### YOUR INSTRUCTIONS
For this task, output exactly the lines of the material below starting at the line with "تم اعداد اتفاقية" and ending at the line with "- SILICONE DRYING"; pictures are to be excluded.

### DATASET ENTRIES
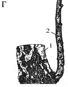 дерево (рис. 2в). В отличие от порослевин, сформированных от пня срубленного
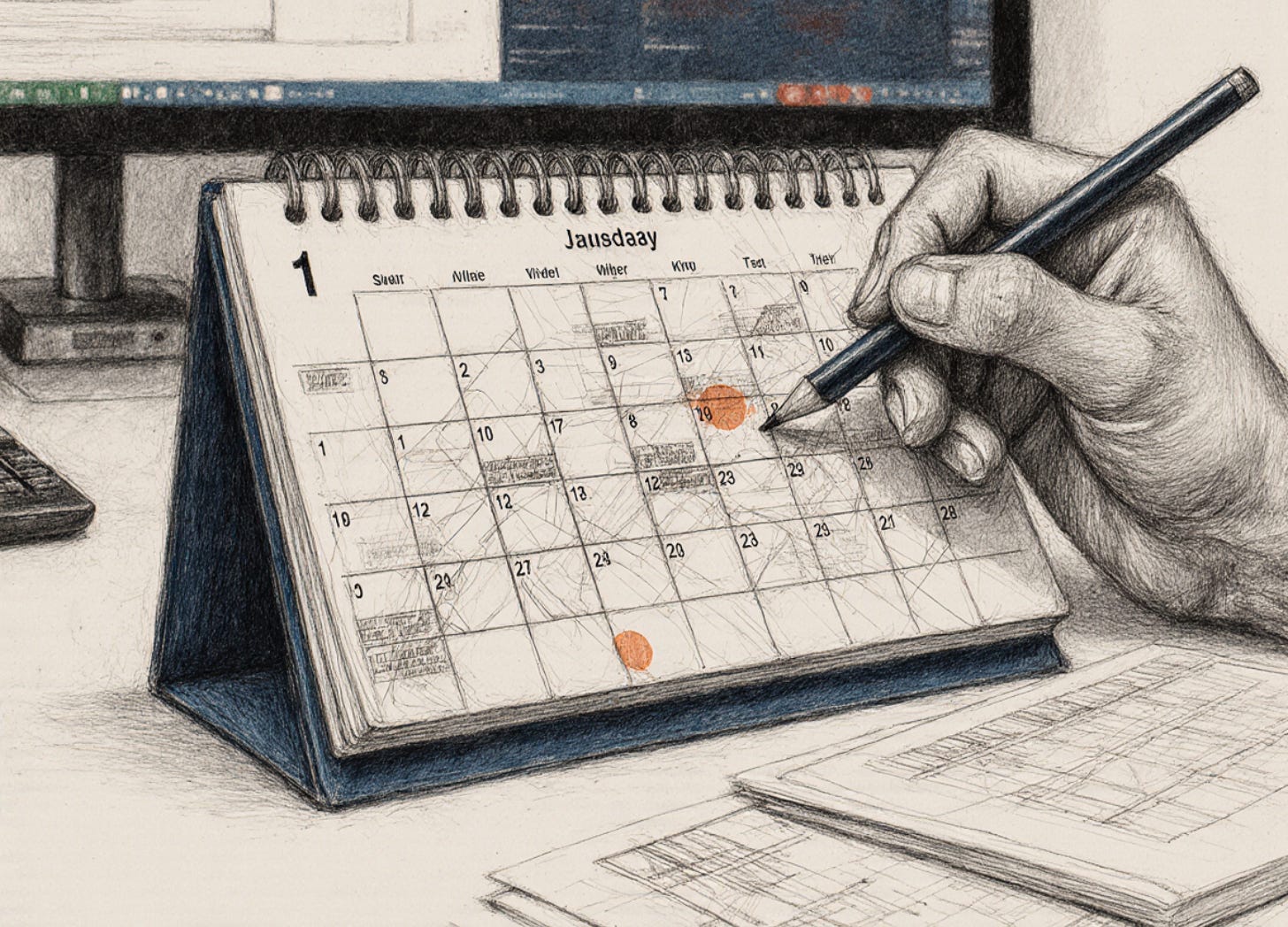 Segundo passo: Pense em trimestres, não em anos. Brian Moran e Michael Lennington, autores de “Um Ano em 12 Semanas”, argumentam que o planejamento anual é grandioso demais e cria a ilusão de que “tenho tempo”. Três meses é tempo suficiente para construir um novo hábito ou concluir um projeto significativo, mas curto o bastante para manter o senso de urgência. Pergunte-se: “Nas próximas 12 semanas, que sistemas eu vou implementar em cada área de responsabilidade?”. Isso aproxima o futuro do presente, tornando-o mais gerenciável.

* * *

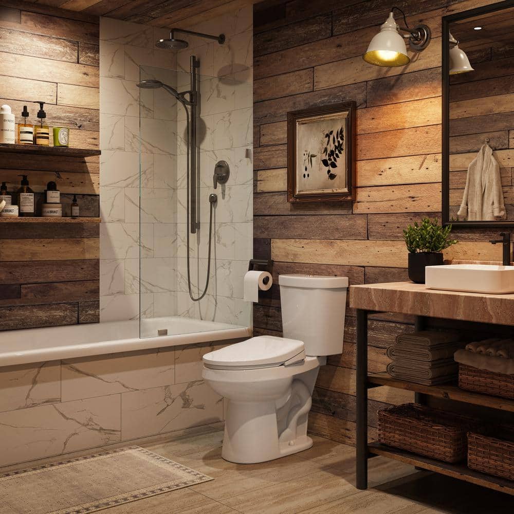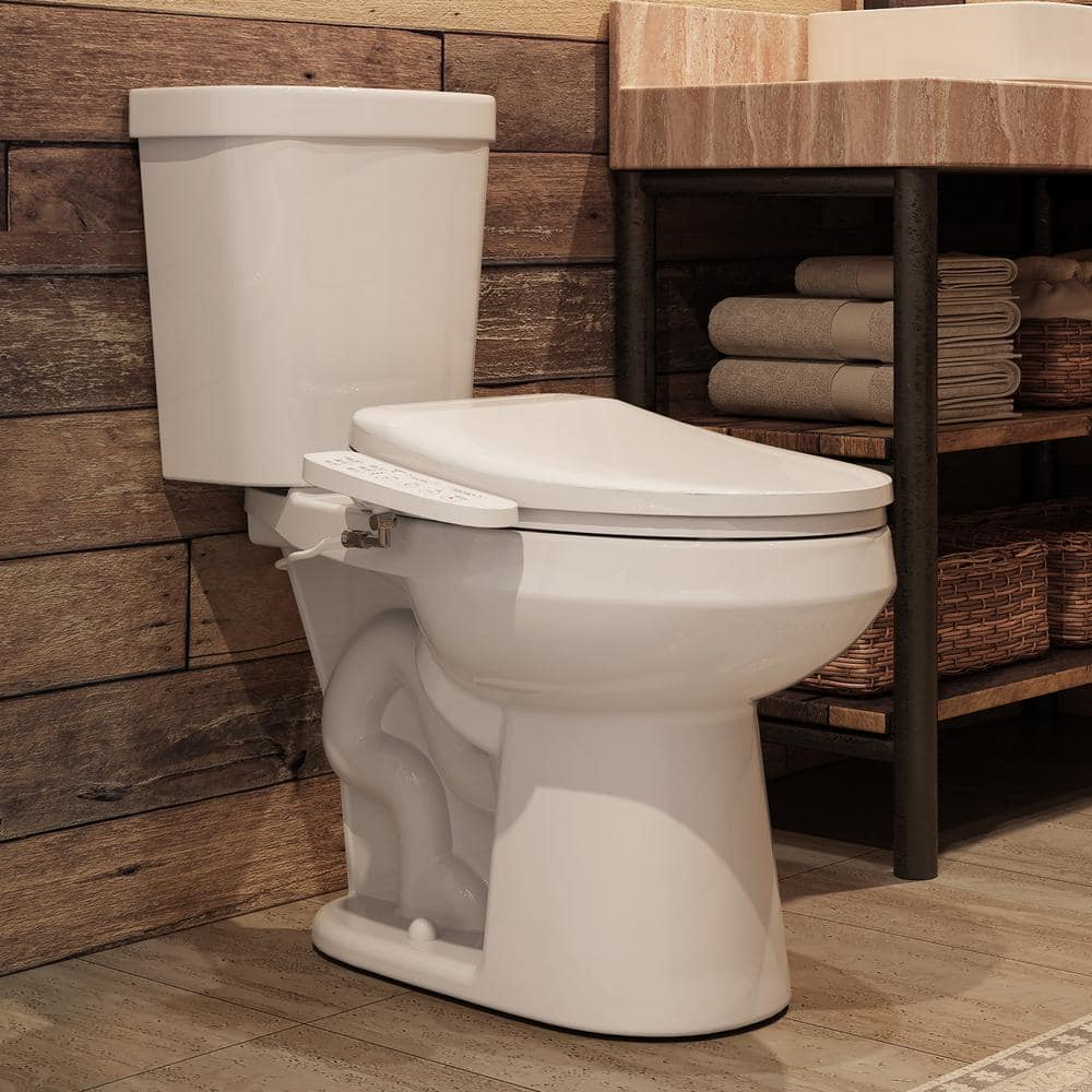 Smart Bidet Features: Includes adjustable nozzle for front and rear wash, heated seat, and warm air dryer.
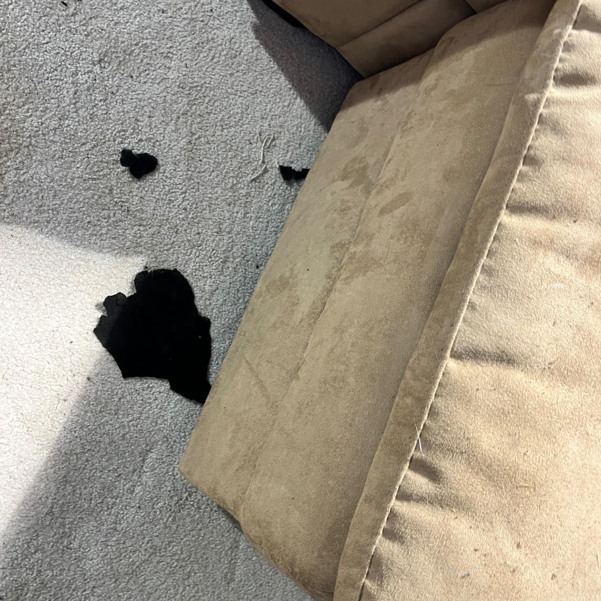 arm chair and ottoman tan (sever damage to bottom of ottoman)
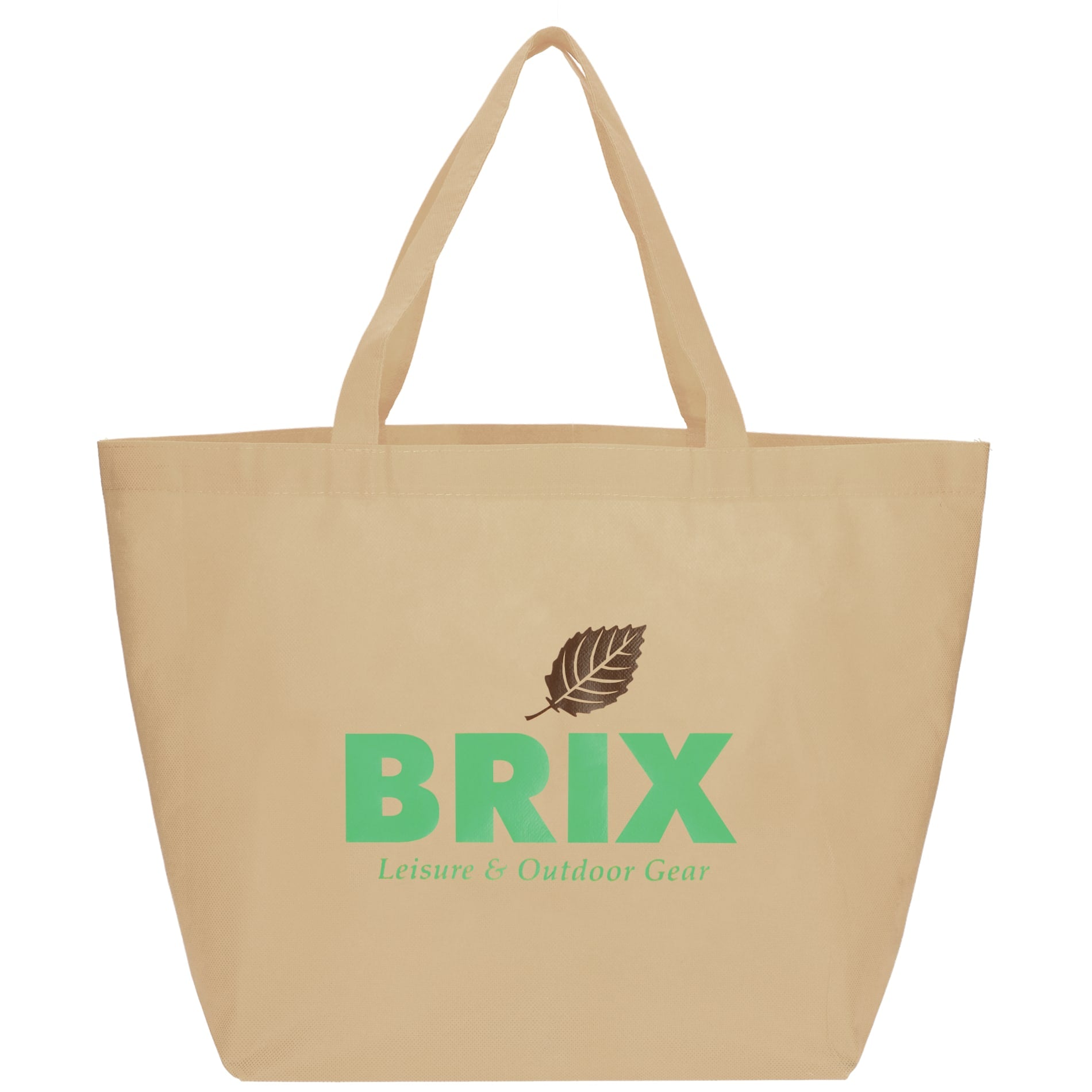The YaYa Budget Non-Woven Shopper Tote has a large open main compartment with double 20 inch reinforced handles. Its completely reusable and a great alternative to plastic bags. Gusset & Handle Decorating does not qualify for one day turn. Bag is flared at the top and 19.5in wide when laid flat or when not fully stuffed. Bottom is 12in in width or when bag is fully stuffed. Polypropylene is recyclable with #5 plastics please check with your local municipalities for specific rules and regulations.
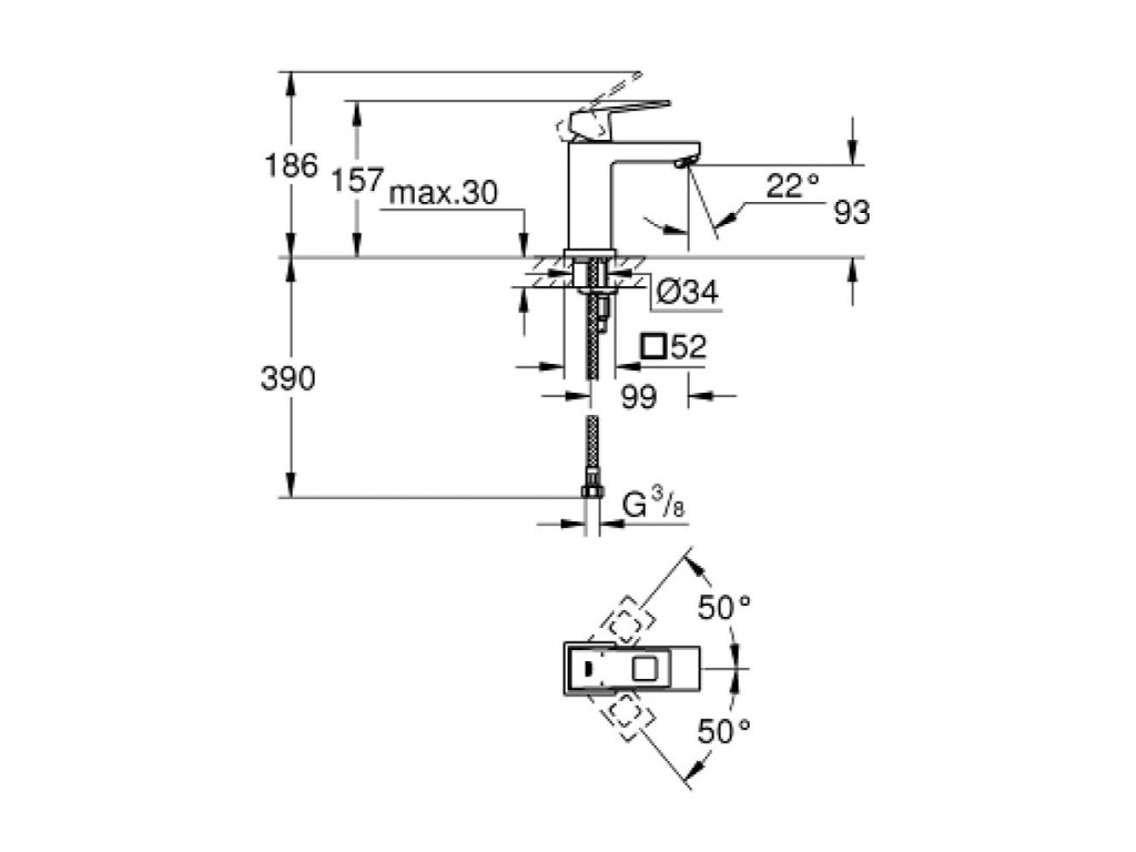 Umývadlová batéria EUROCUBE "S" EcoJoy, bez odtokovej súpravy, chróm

---

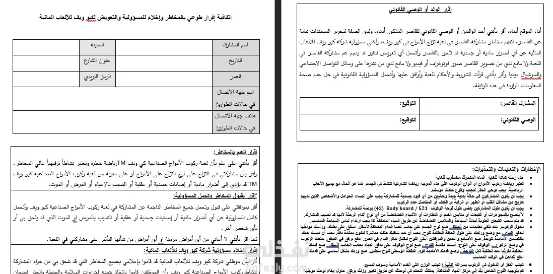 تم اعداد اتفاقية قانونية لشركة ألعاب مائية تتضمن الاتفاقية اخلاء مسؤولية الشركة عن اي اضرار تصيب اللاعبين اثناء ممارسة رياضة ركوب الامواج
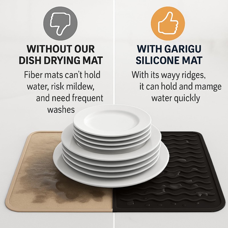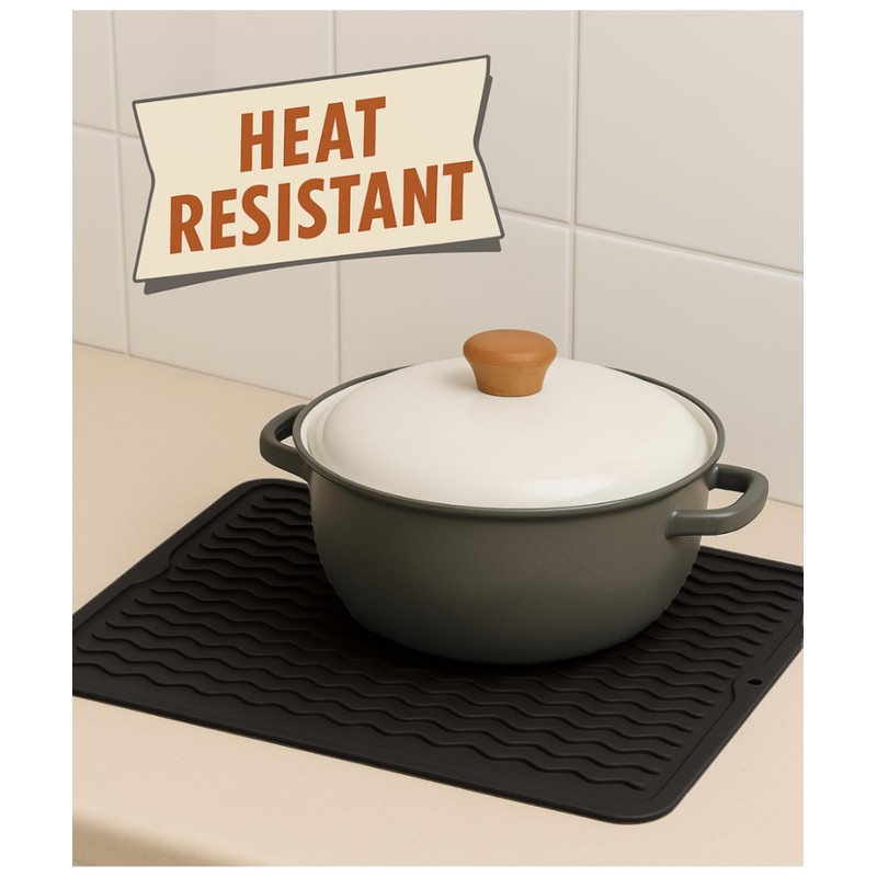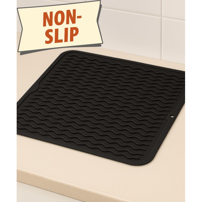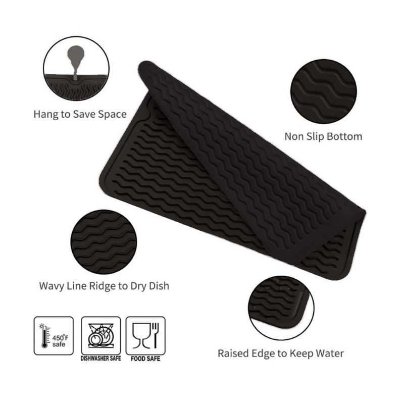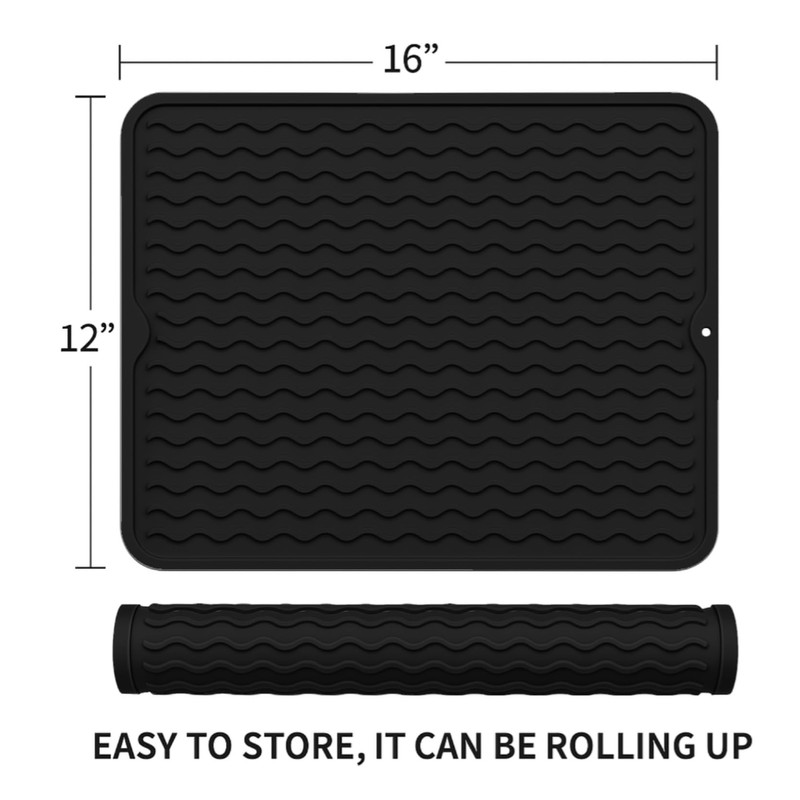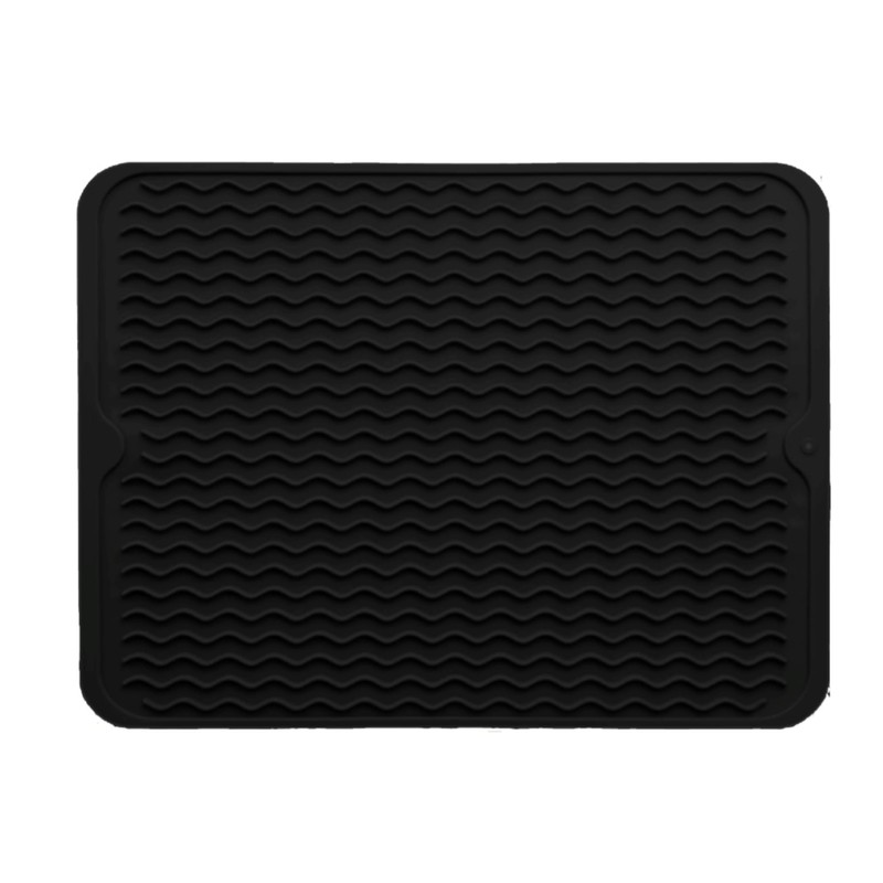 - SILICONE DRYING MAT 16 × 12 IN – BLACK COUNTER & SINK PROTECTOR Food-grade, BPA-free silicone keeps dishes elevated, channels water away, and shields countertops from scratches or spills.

### SOLUTION
 تم اعداد اتفاقية قانونية لشركة ألعاب مائية تتضمن الاتفاقية اخلاء مسؤولية الشركة عن اي اضرار تصيب اللاعبين اثناء ممارسة رياضة ركوب الامواج
 - SILICONE DRYING MAT 16 × 12 IN – BLACK COUNTER & SINK PROTECTOR Food-grade, BPA-free silicone keeps dishes elevated, channels water away, and shields countertops from scratches or spills.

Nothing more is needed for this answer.